Reproduce the records below exactly, but only between the lines holding "If required, the" and "Материал для швов, различные", inclusive.
(RECORDS Opens)
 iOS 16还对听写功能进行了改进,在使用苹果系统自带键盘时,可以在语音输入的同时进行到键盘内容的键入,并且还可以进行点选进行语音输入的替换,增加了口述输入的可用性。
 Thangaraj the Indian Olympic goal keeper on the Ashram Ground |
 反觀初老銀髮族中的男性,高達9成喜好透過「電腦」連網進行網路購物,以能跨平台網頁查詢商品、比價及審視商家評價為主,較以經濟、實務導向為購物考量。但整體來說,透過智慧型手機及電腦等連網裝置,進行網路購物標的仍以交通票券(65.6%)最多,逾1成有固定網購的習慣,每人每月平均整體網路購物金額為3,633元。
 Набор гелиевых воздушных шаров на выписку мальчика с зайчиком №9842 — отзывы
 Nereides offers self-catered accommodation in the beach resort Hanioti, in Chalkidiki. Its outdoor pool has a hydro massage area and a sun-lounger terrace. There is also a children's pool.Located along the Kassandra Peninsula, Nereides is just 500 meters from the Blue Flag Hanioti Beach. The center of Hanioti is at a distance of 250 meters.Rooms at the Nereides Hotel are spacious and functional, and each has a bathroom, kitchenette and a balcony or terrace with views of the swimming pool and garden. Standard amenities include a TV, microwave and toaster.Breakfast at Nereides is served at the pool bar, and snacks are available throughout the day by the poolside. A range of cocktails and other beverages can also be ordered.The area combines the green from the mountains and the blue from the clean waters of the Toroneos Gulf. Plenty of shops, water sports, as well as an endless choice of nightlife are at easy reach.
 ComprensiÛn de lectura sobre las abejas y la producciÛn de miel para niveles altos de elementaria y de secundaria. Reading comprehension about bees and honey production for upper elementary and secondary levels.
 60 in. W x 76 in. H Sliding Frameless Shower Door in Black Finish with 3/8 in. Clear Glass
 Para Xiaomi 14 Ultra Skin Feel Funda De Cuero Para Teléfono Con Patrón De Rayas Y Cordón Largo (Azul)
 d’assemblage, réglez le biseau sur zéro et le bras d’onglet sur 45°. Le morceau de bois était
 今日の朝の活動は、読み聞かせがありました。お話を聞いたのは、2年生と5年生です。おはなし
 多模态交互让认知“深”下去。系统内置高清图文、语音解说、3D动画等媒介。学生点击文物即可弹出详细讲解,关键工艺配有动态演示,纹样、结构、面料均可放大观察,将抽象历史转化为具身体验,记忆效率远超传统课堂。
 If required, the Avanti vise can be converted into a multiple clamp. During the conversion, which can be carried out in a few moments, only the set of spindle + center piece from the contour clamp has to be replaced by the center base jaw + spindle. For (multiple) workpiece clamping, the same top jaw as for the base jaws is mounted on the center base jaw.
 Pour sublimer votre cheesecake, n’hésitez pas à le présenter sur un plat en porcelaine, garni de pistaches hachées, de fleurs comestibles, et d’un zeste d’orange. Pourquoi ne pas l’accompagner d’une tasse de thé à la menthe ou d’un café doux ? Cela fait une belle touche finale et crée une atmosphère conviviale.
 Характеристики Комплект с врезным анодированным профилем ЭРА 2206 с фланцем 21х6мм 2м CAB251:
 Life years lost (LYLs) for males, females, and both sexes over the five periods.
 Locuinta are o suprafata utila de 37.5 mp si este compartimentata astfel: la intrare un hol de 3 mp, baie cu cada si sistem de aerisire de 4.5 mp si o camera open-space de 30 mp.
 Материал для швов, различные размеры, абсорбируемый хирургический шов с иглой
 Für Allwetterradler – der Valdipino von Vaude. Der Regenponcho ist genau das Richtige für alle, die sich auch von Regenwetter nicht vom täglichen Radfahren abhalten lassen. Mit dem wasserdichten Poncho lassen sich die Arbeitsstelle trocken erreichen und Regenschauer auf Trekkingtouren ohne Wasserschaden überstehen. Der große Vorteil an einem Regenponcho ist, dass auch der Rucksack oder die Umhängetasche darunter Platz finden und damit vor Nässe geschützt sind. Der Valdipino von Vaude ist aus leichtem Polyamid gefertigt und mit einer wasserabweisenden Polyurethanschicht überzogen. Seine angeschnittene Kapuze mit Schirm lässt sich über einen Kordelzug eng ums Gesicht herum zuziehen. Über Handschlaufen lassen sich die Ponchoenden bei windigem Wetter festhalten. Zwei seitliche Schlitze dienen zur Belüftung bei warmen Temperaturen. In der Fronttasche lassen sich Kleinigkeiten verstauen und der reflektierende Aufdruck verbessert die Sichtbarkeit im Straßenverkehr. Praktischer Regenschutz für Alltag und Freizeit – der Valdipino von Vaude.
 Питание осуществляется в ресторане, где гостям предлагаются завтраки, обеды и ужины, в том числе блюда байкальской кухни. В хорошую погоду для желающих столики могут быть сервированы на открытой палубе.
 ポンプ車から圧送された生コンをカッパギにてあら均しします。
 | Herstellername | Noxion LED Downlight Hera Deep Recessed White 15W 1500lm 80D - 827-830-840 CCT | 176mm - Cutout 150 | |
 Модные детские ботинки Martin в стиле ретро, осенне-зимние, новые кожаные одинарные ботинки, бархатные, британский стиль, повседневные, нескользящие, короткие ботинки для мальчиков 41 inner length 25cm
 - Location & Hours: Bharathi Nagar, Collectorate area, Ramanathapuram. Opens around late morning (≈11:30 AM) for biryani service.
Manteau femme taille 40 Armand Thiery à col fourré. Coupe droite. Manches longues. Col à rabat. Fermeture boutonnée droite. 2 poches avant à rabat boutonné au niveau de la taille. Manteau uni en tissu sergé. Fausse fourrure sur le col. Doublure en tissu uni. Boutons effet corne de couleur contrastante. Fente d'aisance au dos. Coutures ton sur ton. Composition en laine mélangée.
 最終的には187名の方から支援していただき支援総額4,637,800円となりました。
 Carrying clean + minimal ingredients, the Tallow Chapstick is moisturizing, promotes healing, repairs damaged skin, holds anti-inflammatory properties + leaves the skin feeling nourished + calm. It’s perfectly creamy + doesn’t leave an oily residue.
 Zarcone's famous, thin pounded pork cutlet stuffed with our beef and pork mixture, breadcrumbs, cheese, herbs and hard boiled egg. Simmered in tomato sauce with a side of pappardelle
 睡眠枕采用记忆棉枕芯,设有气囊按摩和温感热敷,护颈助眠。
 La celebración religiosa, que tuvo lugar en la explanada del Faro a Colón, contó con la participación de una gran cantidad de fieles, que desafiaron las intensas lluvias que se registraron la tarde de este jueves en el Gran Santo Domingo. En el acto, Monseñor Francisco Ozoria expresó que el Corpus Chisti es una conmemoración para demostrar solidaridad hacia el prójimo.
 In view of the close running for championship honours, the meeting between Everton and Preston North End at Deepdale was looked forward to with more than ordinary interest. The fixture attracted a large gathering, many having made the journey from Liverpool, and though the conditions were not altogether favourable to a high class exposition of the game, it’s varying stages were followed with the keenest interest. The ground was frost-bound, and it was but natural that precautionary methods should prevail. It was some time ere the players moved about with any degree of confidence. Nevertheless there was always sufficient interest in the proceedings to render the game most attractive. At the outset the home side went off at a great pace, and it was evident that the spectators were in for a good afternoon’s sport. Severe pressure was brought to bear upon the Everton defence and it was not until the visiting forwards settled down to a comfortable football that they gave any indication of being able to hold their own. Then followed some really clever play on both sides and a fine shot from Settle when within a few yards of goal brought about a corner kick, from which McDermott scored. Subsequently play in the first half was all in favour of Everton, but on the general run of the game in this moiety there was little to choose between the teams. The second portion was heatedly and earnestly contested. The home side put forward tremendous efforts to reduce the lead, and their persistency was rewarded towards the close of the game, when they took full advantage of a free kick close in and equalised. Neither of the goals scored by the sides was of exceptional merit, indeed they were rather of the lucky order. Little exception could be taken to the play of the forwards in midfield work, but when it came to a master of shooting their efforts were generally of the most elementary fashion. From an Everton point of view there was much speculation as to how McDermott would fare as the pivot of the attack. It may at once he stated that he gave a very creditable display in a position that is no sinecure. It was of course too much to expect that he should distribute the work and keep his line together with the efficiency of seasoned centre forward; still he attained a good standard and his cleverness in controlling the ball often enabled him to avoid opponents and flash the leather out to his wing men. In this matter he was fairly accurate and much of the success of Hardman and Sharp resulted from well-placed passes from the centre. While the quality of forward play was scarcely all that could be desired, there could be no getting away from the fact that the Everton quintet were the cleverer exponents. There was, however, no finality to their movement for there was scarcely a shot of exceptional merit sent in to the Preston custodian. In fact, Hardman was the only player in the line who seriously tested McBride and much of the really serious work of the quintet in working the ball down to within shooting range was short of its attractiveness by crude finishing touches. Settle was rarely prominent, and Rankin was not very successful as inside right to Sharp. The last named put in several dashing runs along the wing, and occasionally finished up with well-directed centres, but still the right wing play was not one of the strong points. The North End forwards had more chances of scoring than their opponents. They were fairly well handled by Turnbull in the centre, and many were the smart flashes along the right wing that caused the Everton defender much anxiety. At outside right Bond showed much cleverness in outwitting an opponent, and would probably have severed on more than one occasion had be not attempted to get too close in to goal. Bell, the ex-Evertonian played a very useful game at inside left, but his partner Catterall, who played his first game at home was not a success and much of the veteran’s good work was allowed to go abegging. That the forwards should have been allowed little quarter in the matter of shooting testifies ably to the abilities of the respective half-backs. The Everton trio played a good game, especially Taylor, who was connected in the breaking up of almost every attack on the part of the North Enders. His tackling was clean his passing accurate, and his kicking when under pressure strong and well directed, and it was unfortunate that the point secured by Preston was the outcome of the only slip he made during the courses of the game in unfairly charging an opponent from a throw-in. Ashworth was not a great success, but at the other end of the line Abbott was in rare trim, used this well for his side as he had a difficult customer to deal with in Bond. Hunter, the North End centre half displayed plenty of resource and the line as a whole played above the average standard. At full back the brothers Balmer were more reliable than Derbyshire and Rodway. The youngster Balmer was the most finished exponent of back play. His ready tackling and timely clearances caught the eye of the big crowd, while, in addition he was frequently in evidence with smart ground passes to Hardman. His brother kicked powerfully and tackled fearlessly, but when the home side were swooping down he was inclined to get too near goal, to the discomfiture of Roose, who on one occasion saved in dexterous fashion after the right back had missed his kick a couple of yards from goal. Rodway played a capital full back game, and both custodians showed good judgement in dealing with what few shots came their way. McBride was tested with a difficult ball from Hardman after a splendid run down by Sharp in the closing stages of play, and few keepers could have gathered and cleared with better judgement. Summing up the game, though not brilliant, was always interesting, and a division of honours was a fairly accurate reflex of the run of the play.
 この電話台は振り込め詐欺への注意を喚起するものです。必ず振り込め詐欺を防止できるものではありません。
(RECORDS Closes)
» **REPLY**
 If required, the Avanti vise can be converted into a multiple clamp. During the conversion, which can be carried out in a few moments, only the set of spindle + center piece from the contour clamp has to be replaced by the center base jaw + spindle. For (multiple) workpiece clamping, the same top jaw as for the base jaws is mounted on the center base jaw.
 Pour sublimer votre cheesecake, n’hésitez pas à le présenter sur un plat en porcelaine, garni de pistaches hachées, de fleurs comestibles, et d’un zeste d’orange. Pourquoi ne pas l’accompagner d’une tasse de thé à la menthe ou d’un café doux ? Cela fait une belle touche finale et crée une atmosphère conviviale.
 Характеристики Комплект с врезным анодированным профилем ЭРА 2206 с фланцем 21х6мм 2м CAB251:
 Life years lost (LYLs) for males, females, and both sexes over the five periods.
 Locuinta are o suprafata utila de 37.5 mp si este compartimentata astfel: la intrare un hol de 3 mp, baie cu cada si sistem de aerisire de 4.5 mp si o camera open-space de 30 mp.
 Материал для швов, различные размеры, абсорбируемый хирургический шов с иглой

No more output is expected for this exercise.